One brave developer embarked on a bare-metal project, which he hopes to get back to when he can. Nicholas's posts are listed out in his blog post: The CI20 bare-metal project. His posts are really good and a great starting point into working with this board. This is where I will start working from, reading his posts and building from his knowledge. Thank you very much Nicholas for your project and detailed posts.
This being said, I grabbed crosstool-ng (latest version is 1.22) and built the mips-unknown-elf tools to work with the board in a bare-metal fashion. First you must install crosstool-ng, then you use that to automatically build your tool chain. If you want a list of the supported tool chain samples call crosstool-ng with the list-samples command: ct-ng list-samples. This will print out a list of all the supported tool chain configurations it knows how to build.
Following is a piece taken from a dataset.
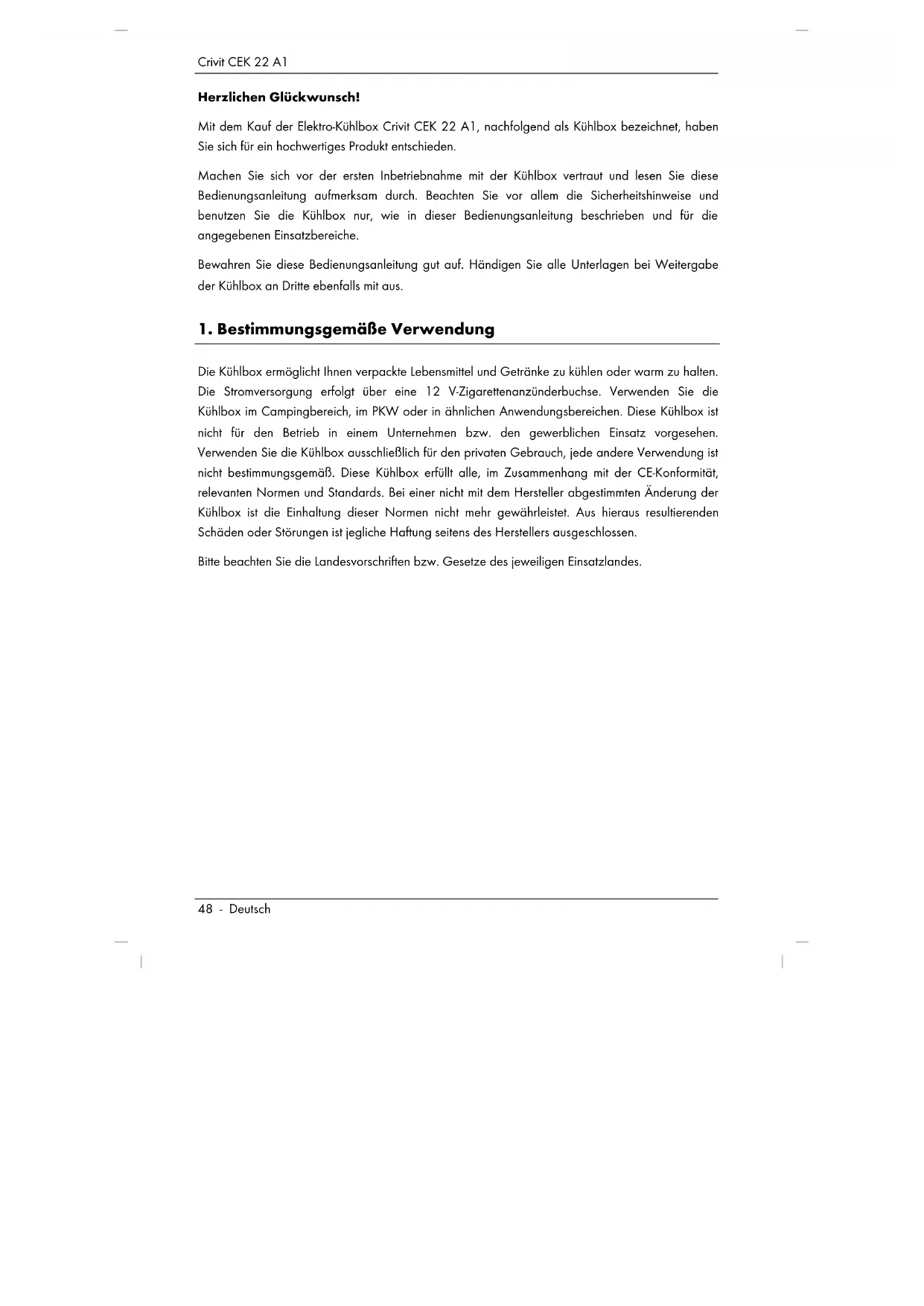 Die Kühlbox ermöglicht Ihnen verpackte Lebensmittel und Getränke zu kühlen oder warm zu halten. Die Stromversorgung erfolgt über eine 12 V-Zigarettenanzünderbuchse. Verwenden Sie die Kühlbox im Campingbereich, im PKW oder in ähnlichen Anwendungsbereichen. Diese Kühlbox ist nicht für den Betrieb in einem Unternehmen bzw. den gewerblichen Einsatz vorgesehen. Verwenden Sie die Kühlbox ausschließlich für den privaten Gebrauch, jede andere Verwendung ist nicht bestimmungsgemäß. Diese Kühlbox erfüllt alle, im Zusammenhang mit der CE-Konformität, relevanten Normen und Standards. Bei einer nicht mit dem Hersteller abgestimmten Änderung der Kühlbox ist die Einhaltung dieser Normen nicht mehr gewährleistet. Aus hieraus resultierenden Schäden oder Störungen ist jegliche Haftung seitens des Herstellers ausgeschlossen. Bitte beachten Sie die Landesvorschriften bzw. Gesetze des jeweiligen Einsatzlandes.Crivit CEK 22 A1 Deutsch - 49
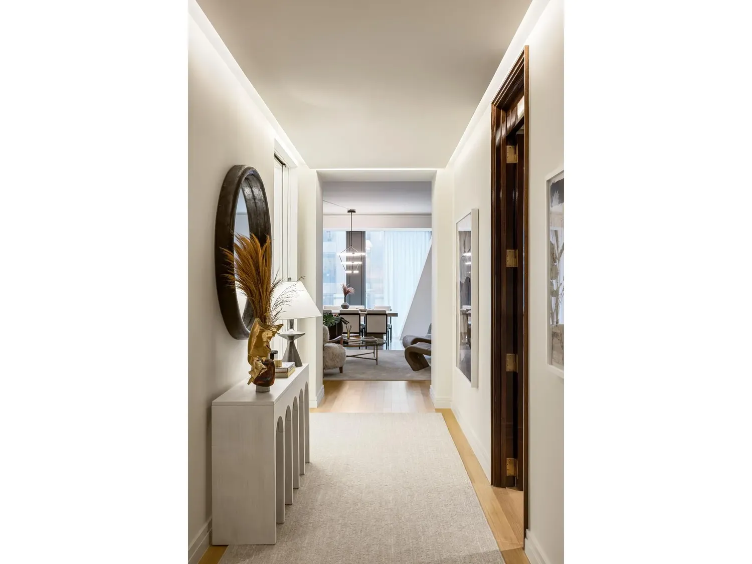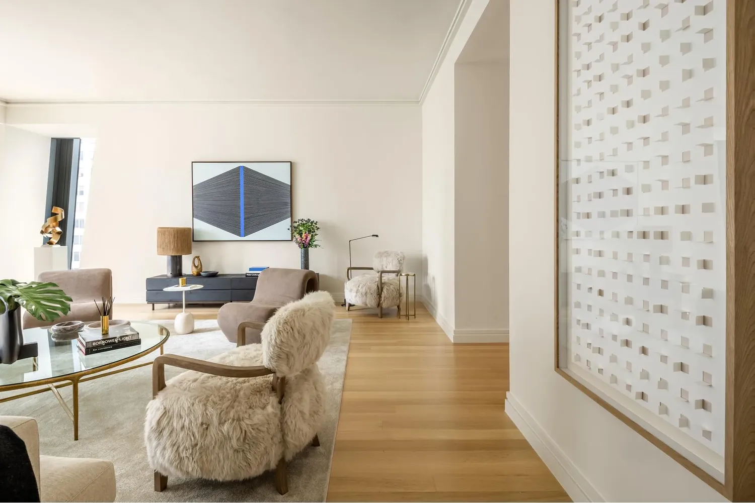 Combining superb sophistication and craftsmanship with the intimate feeling of home, Residence 34C at 53 West 53 comprises 2,506 square feet, offering three bedrooms, three-and-a-half bathrooms, and north-, south-, and west-facing exposures. Gracious proportions and ceilings ranging up to approximately 10'9" set the awe-inspiring stage for world-renowned designer, Thierry Despont, to craft singular spaces in the sky with many custom elements typically reserved for primarily commissioned homes. The rich yet soft palette of museum-quality finishes imbues each space with boldness and elegance.

I knew I wanted mips-unknown-elf, so I called crosstool-ng with the following command: ct-ng mips-unknown-elf and it built a configuration for the bare metal MIPS tool chain. Finally, you tell crosstool-ng to build the tool chain for you with the following command: ct-ng build. I left this to go about it's business while made myself a little adapter board.
The pin out for my existing TTL Serial converter don't match the board's pin out for the dedicated UART header. I don't want to continually reconnect jumper wires from the converter to the board.
I finished this, to notice that the tool chain was completely built, I think I now love crosstool-ng!
The tool chain appears to work, gcc complained about no input files, and gdb informed me that it was compiled to target mips-unknown-elf.
I have the tool chain, adapter for my TTL Serial converter, power adapter and Ethernet cable ready, I can plug it all together and power up the board.
I still need to:
- Create a Bitbucket repository to store the code for this project.
- Setup the build system.
- Setup Doxygen to generate documentation.
- Setup a TFTP server to allow me to boot the board off development code easily.
- Setup scripts for build process to copy the image automatically to the TFTP location.
- Test to make sure board will boot the image from TFTP.